WHAT TO WORK ON: Every line from the one with "This one-of-a-kind collection" up to and including the one with "These earrings are" is to be output exactly as it appears below; pictures are not.

DATASET RECORDS:
------------------------------------
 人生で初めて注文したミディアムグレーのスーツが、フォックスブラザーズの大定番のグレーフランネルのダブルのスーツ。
------------------------------------
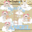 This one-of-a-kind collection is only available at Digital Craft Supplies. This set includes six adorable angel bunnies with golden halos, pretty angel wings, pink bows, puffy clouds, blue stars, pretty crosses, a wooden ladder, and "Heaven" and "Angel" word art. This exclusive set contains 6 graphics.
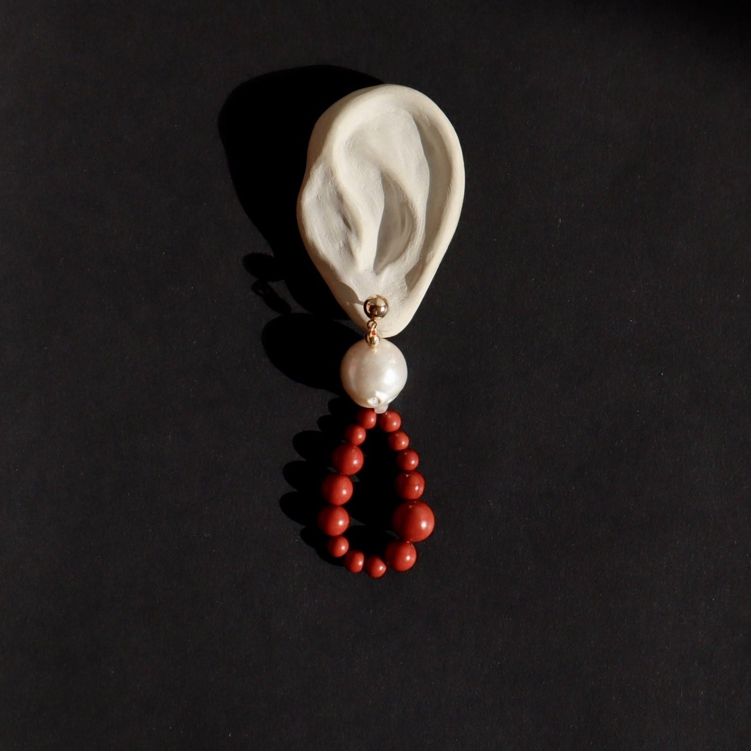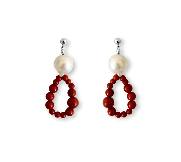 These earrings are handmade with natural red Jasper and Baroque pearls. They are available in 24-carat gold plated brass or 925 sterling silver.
------------------------------------
RESULT:
 This one-of-a-kind collection is only available at Digital Craft Supplies. This set includes six adorable angel bunnies with golden halos, pretty angel wings, pink bows, puffy clouds, blue stars, pretty crosses, a wooden ladder, and "Heaven" and "Angel" word art. This exclusive set contains 6 graphics.
 These earrings are handmade with natural red Jasper and Baroque pearls. They are available in 24-carat gold plated brass or 925 sterling silver.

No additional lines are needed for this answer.